Culture

A Jewish gangster and a good cat walk into a high rise…

I was lucky enough to catch a preview screening of Lucky Number Slevin last night, and even more lucky to be able to chat with director Paul McGuigan afterwards. The film isn’t Jewish, per se, but it does feature Sir Ben Kingsley as “The Rabbi,” a Jewish crime boss who actually is a rabbi. An all-star cast comes together to tell a very humorous mistaken identity crime caper that turns into a deadly serious story about revenge.
And again, not that I noticed much Jewish overtone beyond the Jewish mobsters, but there was one line from the film that stuck with me. Kingsley is asked how he can reconcile being both a rabbi and a crime boss. He pulls out a sawed off shotgun, points it at the film’s protagonist and says that in Judaism there are only three things you can’t do to save the life of a person, yourself included. Long story short, and in the (probably paraphrased due to bad memory) words of Sir Ben, “Me killing you before you can kill me would be… acceptable.”
The story is ultimately a mother of a revenge narrative that subtly riffs off this line. OK, there ends my attempts to explain how this is really a Jewish film. The full review is here and a few clips from the film, including portions of the scene with the Rabbi and the shotgun can be viewed here (left toolbar).

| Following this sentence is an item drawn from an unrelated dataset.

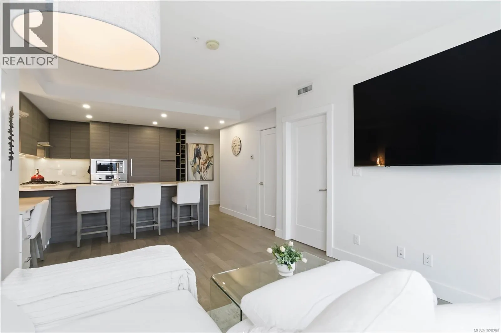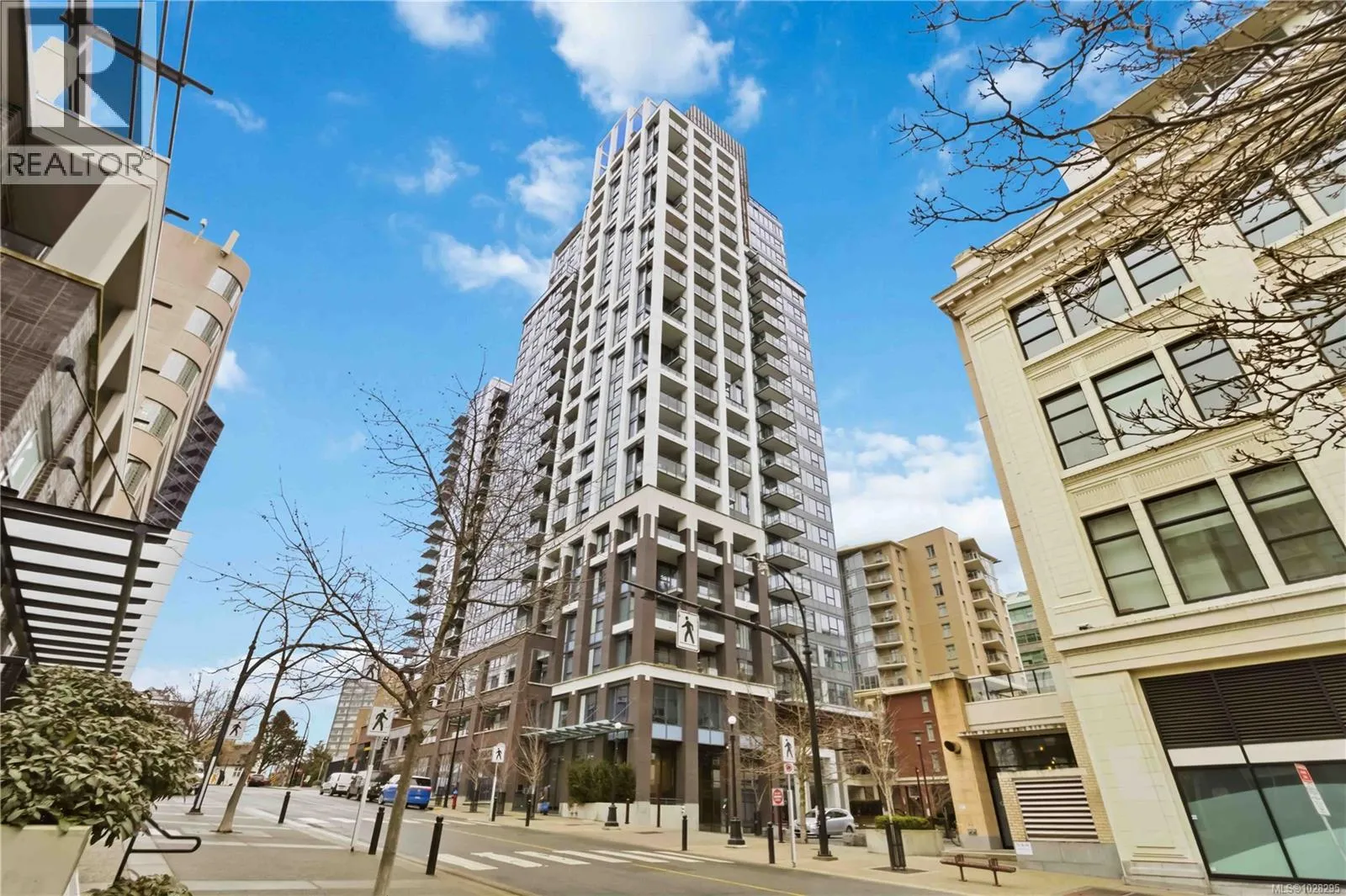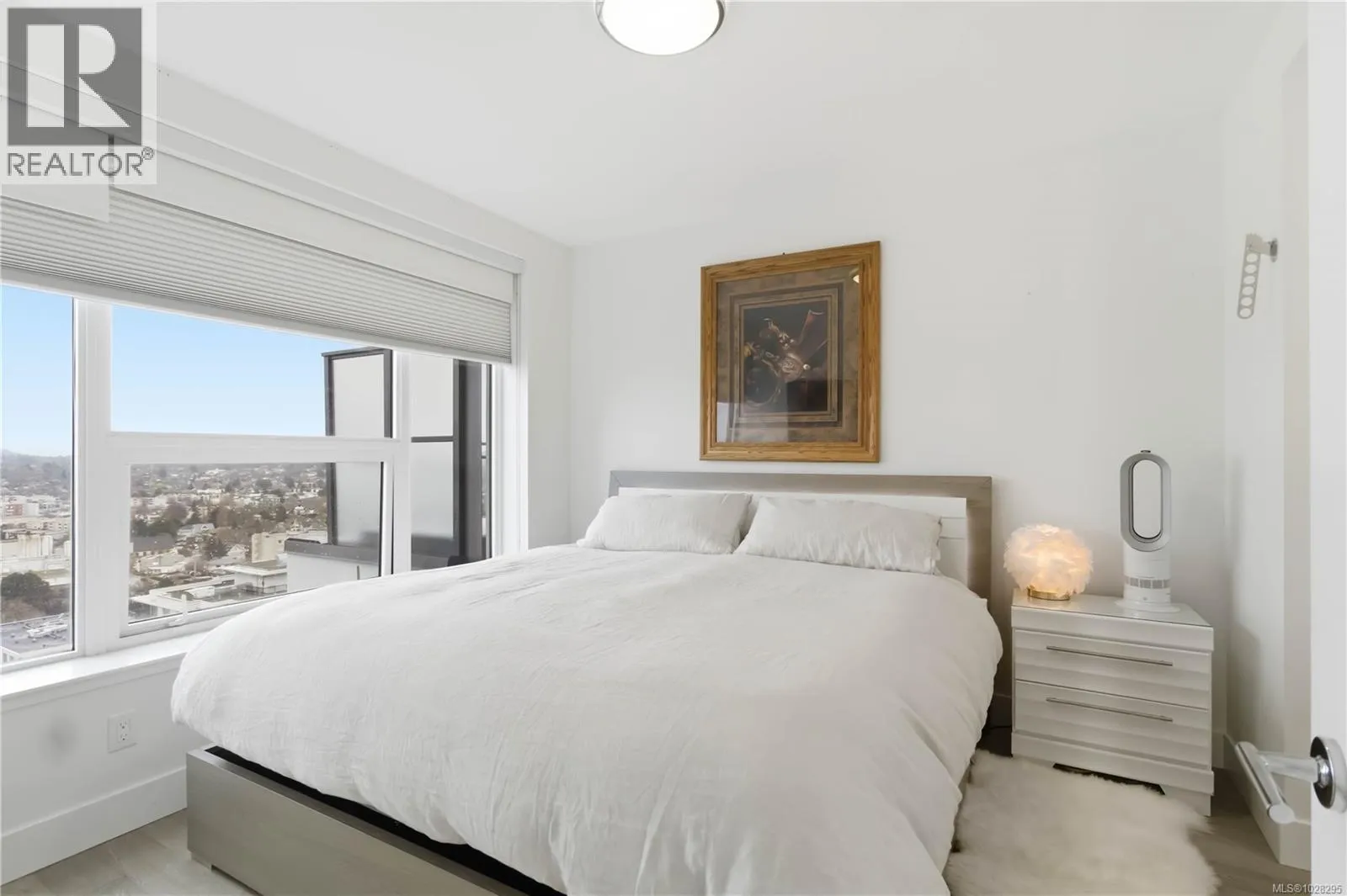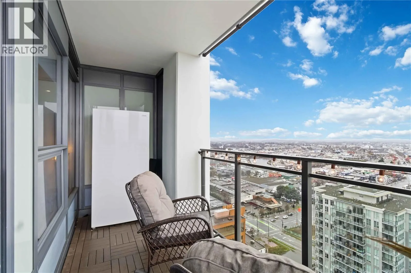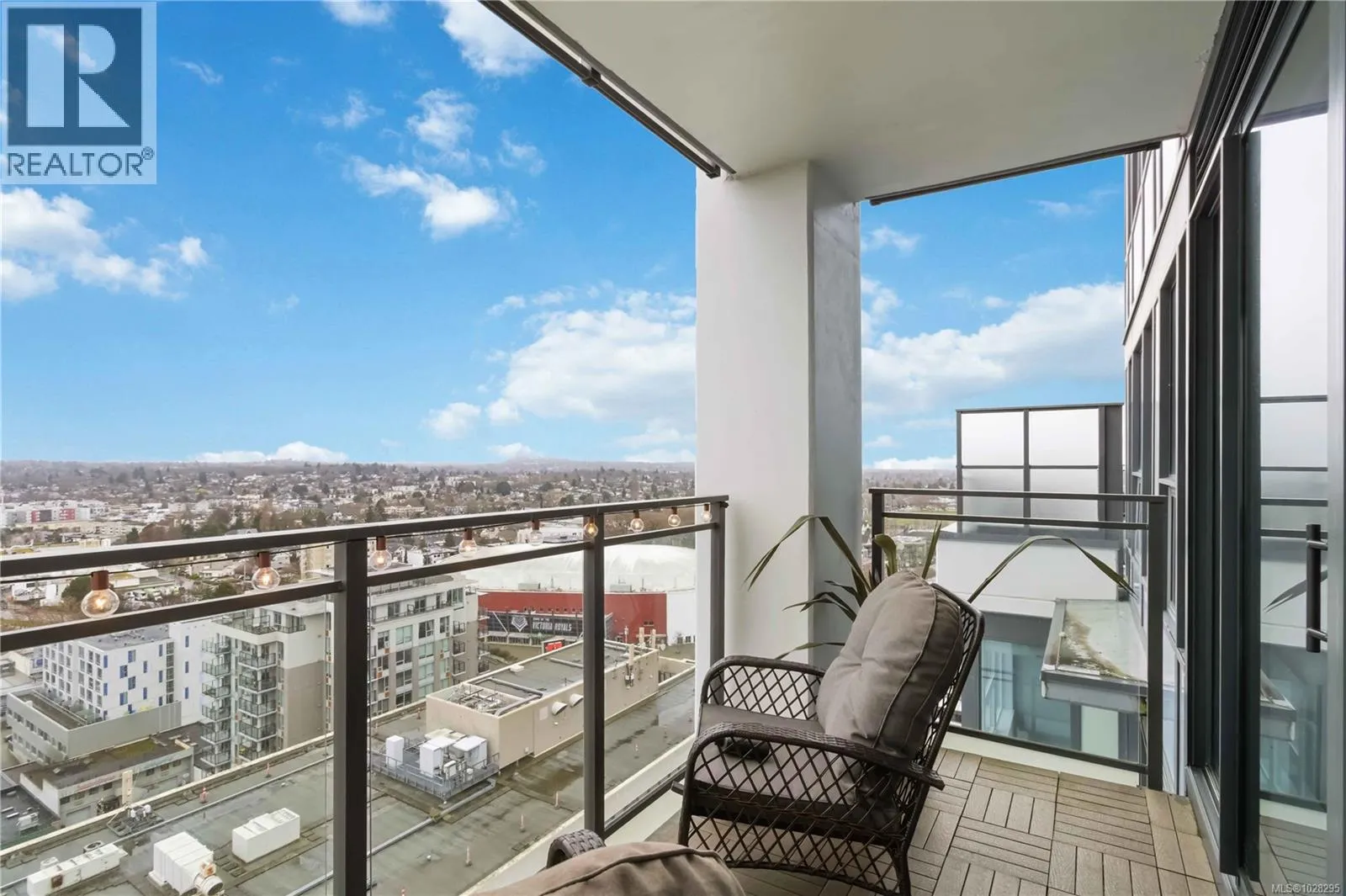 Welcome to the Executive 21st Floor at 777 Herald Street, where water, city, and mountain views create an exceptional downtown living experience. This executive two-bedroom, two-bathroom residence offers the rare bonus of two side-by-side secure underground parking stalls, a highly sought-after feature in the city. The thoughtfully designed open-concept layout is both stylish and functional, ideal for everyday living and entertaining. The modern kitchen features a spacious island with quartz countertops, built-in appliances, and sleek cabinetry, flowing seamlessly into the bright living room. Expansive floor-to-ceiling windows fill the home with natural light while showcasing the stunning surrounding views. This home includes several custom upgrades, including built-in closet organizers, a dedicated built-in desk/workspace, and stylish deck flooring that enhances the outdoor living area. Custom designed Restoration Hardware Cloud couch and matching linen chairs are available for purchase, offering a convenient turnkey opportunity. Residents enjoy access to an impressive range of amenities designed to complement urban living. These include a full time concierge, fully equipped fitness centre, yoga studio, sauna, business centre, hobby room, and a spacious resident lounge with a full kitchen, perfect for hosting gatherings. The landscaped outdoor terrace features BBQs, a large dining table, childrenâs play area, and cozy outdoor fire pits. A private guest suite is also available, providing comfortable accommodation for visiting family and friends. The location is unbeatable. With a grocery store just steps away and the vibrant downtown core at your doorstep, you are within easy walking distance to the Inner Harbour, cafés, restaurants, shops, and countless amenities that make downtown Victoria such a desirable place to live. This is executive downtown living at its finest, stunning views, thoughtful upgrades, outstanding amenities, and an unbeatable location. (id:27476)

2 thoughts on “A Jewish gangster and a good cat walk into a high rise…

  1. Music was actually great. After the film, the director was actually speaking to that. He’d chosen a score over a soundtrack of source music (a la Tarantino), and the results were quite good. They were noticeably good without being intrusive, and it definitely worked for the cool vibe of the flick. It was also a nice change of pace from the musical stylings of West Coast surfer cool and spaghetti western flicks.